How do Exchanges Benefit?
Improved Security
As I mentioned above, users also benefit from this. Since the exchange’s database was “migrated” to the blockchain, it can’t be attacked like it usually is, the whole blockchain would need to be target of an attack.
Reduced Costs
This derives directly from the point above. The exchange doesn’t have to maintain and secure their customer database anymore. This saves time and man power, essential for other tasks, as well as money as it might not need to hire a developer to secure it. It can then redirect these costs and time where they’re needed the most and take maximum advantage of them.
Network Effect
As a decentralized network of exchanges, every time the platform is promoted by any number of services to a customer, this is one more potential customer that will have exposure your exchange and can end up using it.
Shared Order books
This was something I’ve placed on the “User benefits” section but it also benefits exchanges. Why you may ask? Well, shared order books have more market depth and can help increase liquidity. Instead of having many illiquid markets trading the same assets, you have one single market for everyone. How do exchanges benefit from this? Users always look to trade on the exchanges with the most volume and liquidity so they don’t have to worry with huge spreads and big market swings. This makes it more attractive for users to use your service. It even makes it possible for a smaller exchange to directly compete with the big ones as the volume of all combined exchanges might be as big as the volume of one big centralized exchange. Exchanges don’t have to worry with liquidity any more. A new one can enter the market and provide the liquidity it's users need right away without having to build it for long periods of time.

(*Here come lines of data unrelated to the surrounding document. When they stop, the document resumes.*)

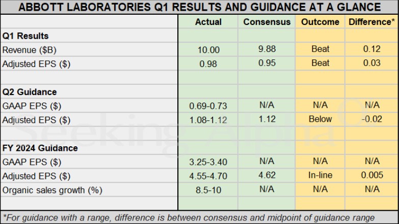 雅培预测Q2诊治后EPS为1.08-1.12好意思元,低于阛阓预期的1.12好意思元。不外,雅培将2024年全年有机销售额增长指令区间(不包括新冠肺炎检测关联销售额)从之前的8.0%-10.0%上调至8.5%-10.0%。
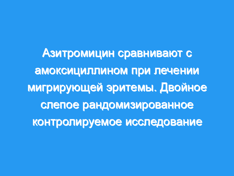 Чтобы определить, является ли азитромицин или амоксициллин более эффективными для лечения мигрирующих поражений кожи, характерных для болезни Лайма. Дизайн: Рандомизированное, двойное слепое, двойное фиктивное, многоцентровое исследование. Острые проявления и последствия оценивались с использованием стандартизированного формата. Исходные клинические характеристики и реакция были коррелированы с серологическими результатами. Наблюдение за пациентами продолжалось 180 дней.
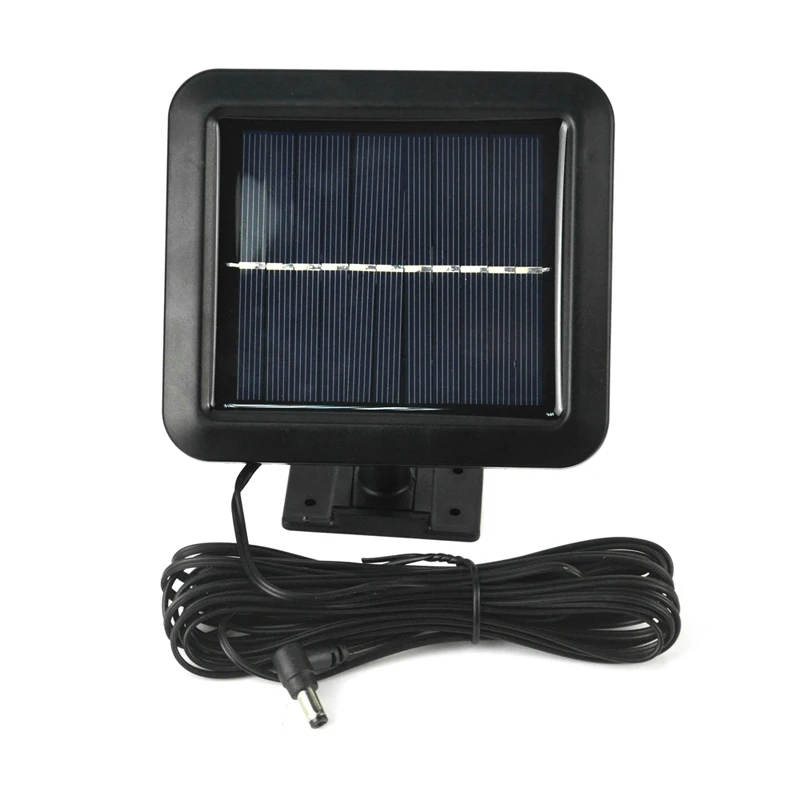 Материал: АБС-пластик и поликарбонат Источник света: 56 светодиодный бисер Цвет светильника: белый Солнечная панель: поликристаллический кремний 5,5 В 1 Вт Мощность светодиодный лампы: 1,5 Вт Источник питания: 2200mA 3,7 V литиевая батарея (входит в комплект) Время зарядки: 8 часов Время работы: более 12 часов Тип датчика: инфракрасная технология человека и светильник Задержка датчика: 30 секунд Угол обнаружения: 120 градусов Обнаружение движения: 5-8 метров Водонепроницаемость: IP65 Кабель питания: 5 метров
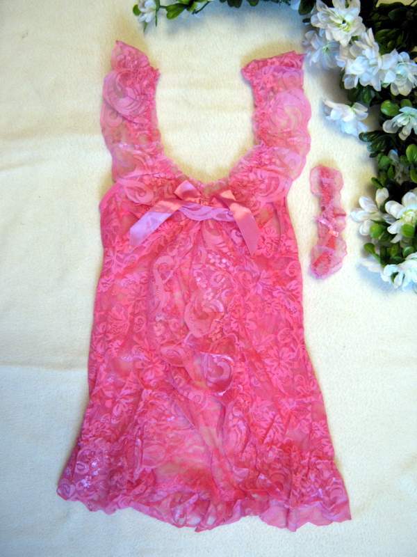 Кружевной комплект красивого эротического белья из комбинации и трусиков.
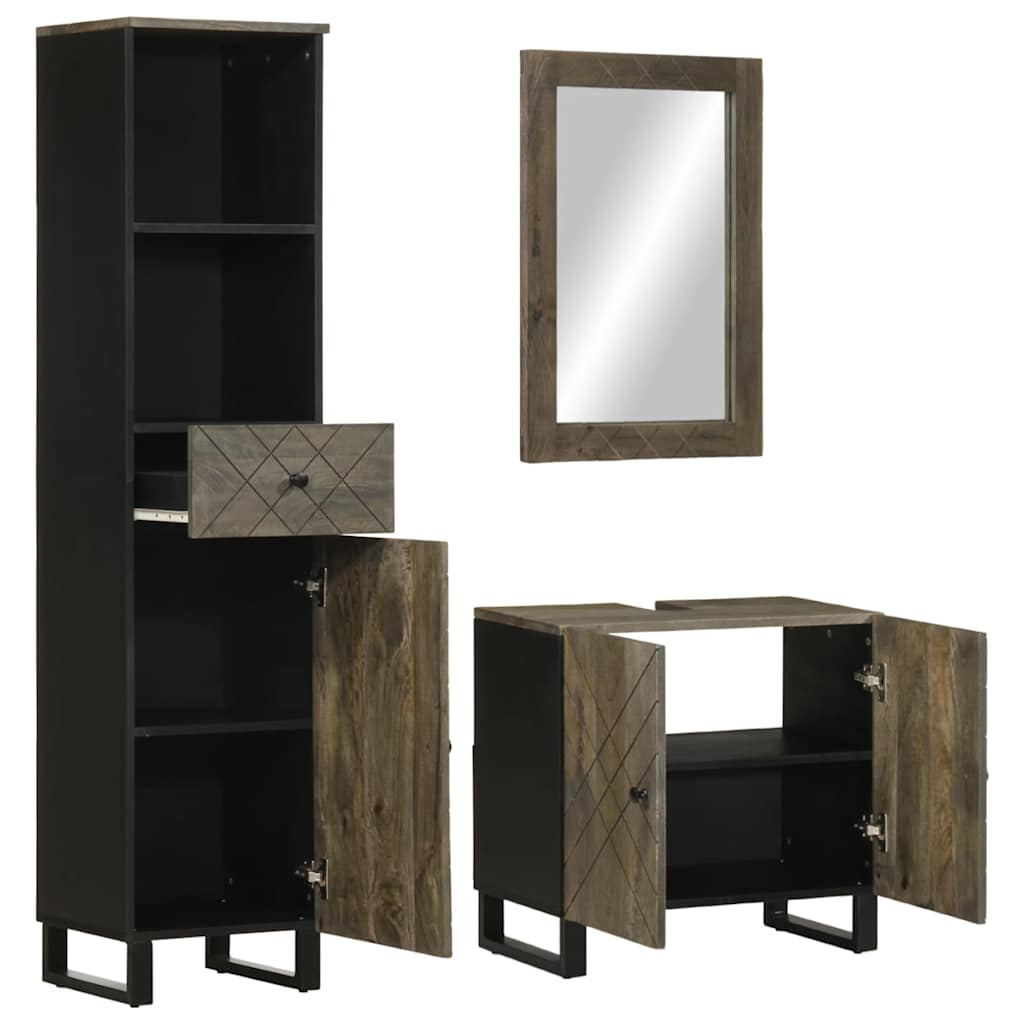 3-osainen kylpyhuonekalustesarja musta massiivipuinen mango
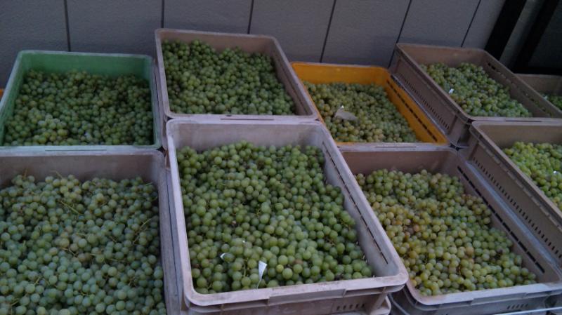 今日は凄い芳香を放つぶどうナイアガラで、約2トンの仕込みを行ないました。このナイアガラは果皮がやっこい為、あんまりギッギッって搾っと澱が多くなります。んだもんだがら、プレス機の搾りの調整を軽〜く設定します。
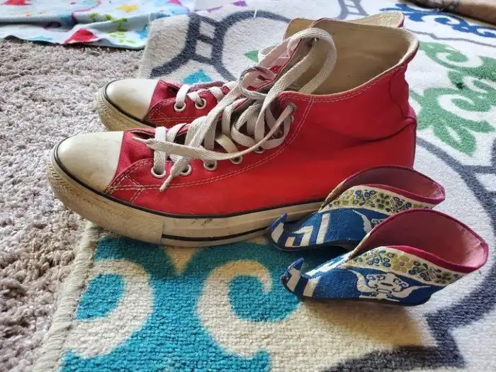 24. "7,5-сантиметровые туфельки "золотой лотос" для взрослых женщин с забинтованными ногами рядом с моими кедами"
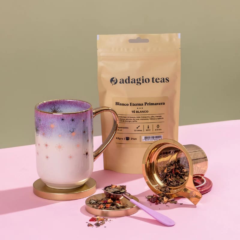 Y, si quieres ir más allá, puedes añadir a tu carrito una taza con un infusor dentro para que, en su ritual de tomar un té y descansar, pueda añadir directamente las hierbas mientras sirve el agua caliente.
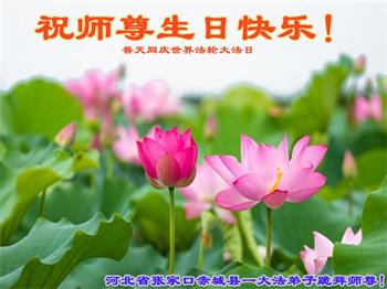河北省张家口市蔚县一大法弟子恭祝师父生日快乐!
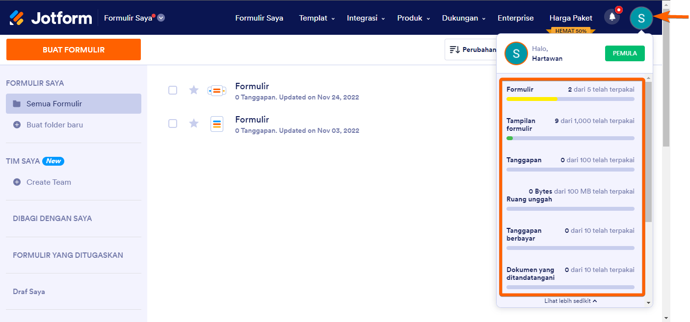 Anda dapat melihat penggunaan dan batas Anda saat ini dengan mengklik avatar Anda di pojok kanan atas halaman.
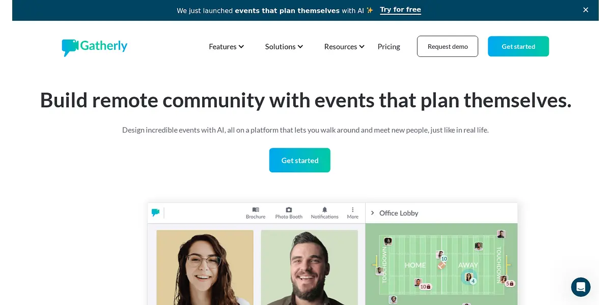 Gatherly aims to create an immersive and interactive experience that replicates in-person interactions, with AI-powered booths to engage attendees and customizable maps to make the experience memorable. Thrive Scholars, for example, used Gatherly for a 300+ person college fair, and Gatherly helped them connect hundreds of students of color with top colleges. Plus, with the addition of a backstage, Gatherly's hosts can run a fully-managed broadcast for their events. You can host your next event on Gatherly and experience the difference firsthand.
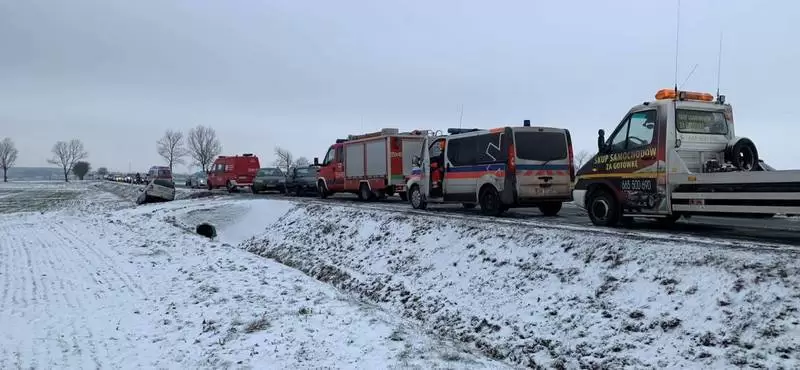 Dziś w związku z oblodzeniem dróg, przypominamy o zasadzie "śpiesz się powoli". Na drodze krajowej nr 5, podczas manewru wyprzedzania doszło do zderzenia 4 pojazdów.
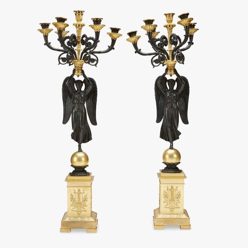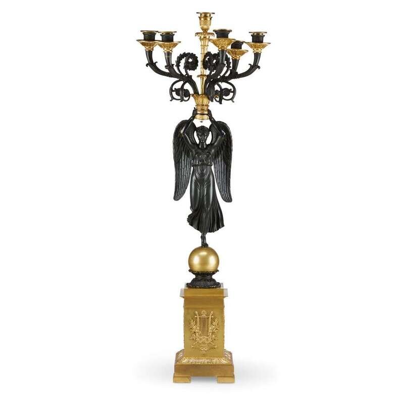 Each in the form of a winged victory standing atop an orb, holding aloft a basket issuing five scrolled candlearms and a central nozzle of papyrus, all raised on gilt bronze base applied with lyre and torches. (2).
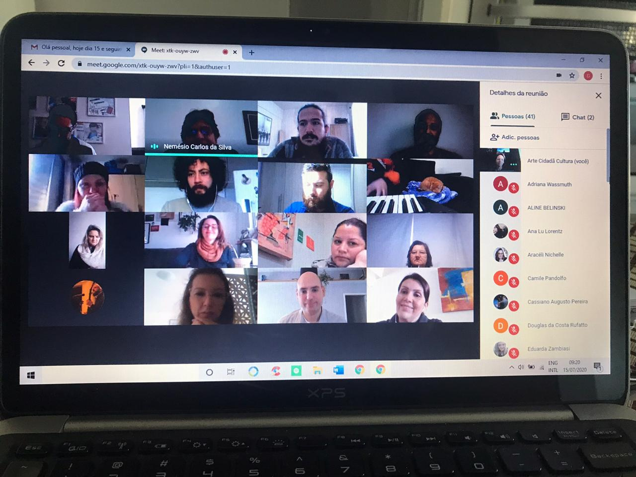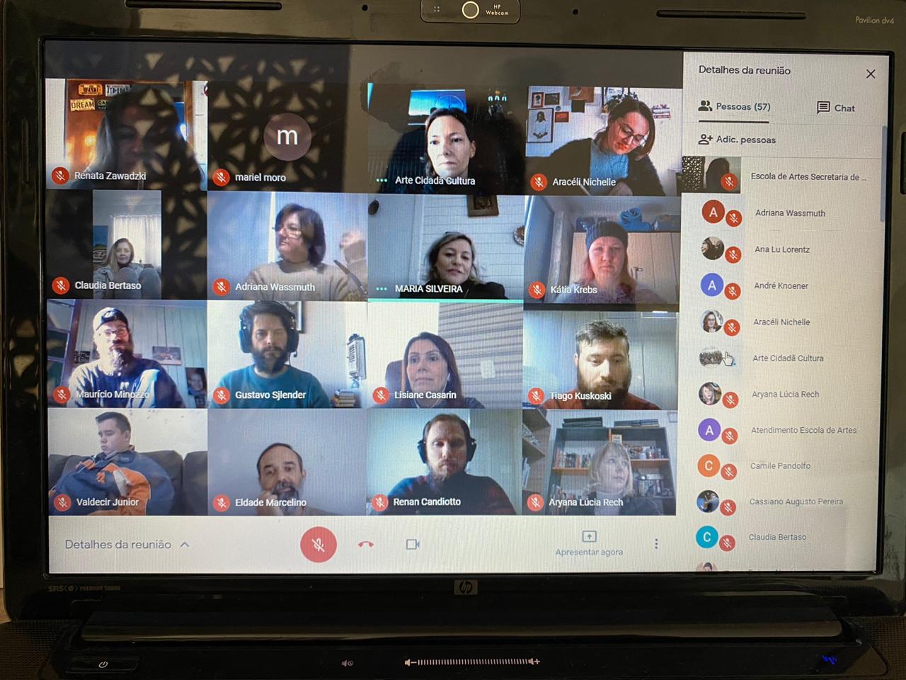 Chapecó, 16/07/2020, quinta-feira Os professores da área cultural de Chapecó e que atuam na Escola de Artes e no Programa Arte Cidadã participaram da Semana de Reflexões Formação Online da SECUL Secretaria de Cultura, que aconteceu entre os dias 14 e 16 de julho. É uma semana para refletir sobre a importância, função social e humana da arte e da cultura (música, teatro, dança e artes visuais) nos tempos de pandemia.
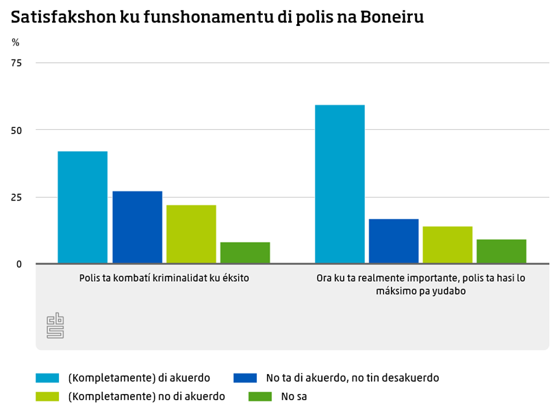 Kasi 60 porshento tabata di akuerdo ku e ponensia ku polis na Boneiru lo hasi lo máksimo pa yudabo, ora ku esei ta realmente importante. 14 porshento no tabata di akuerdo ku esaki.
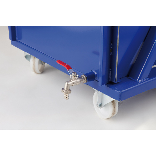 - Am Boden des Containers befindet sich ein Ablasshahn mit Schild, der es ermöglicht die abgetropfte Flüssigkeit (Öle, Emulsionen usw.) abzulassen.

Better Brand and Reputation
Reputation is priceless. We've seen exchanges with a relatively high volume that, after an attack just have not been the same. It's something that it's really hard to conquer back in this space.
Eventually all of these new proprieties provide a better service to the customer and are a statement of the exchange’s dedication to their users. It ends helping the exchange building its own brand, recognized by the quality of its services. A safe haven for its users, protecting them against the threats other exchanges are vulnerable to.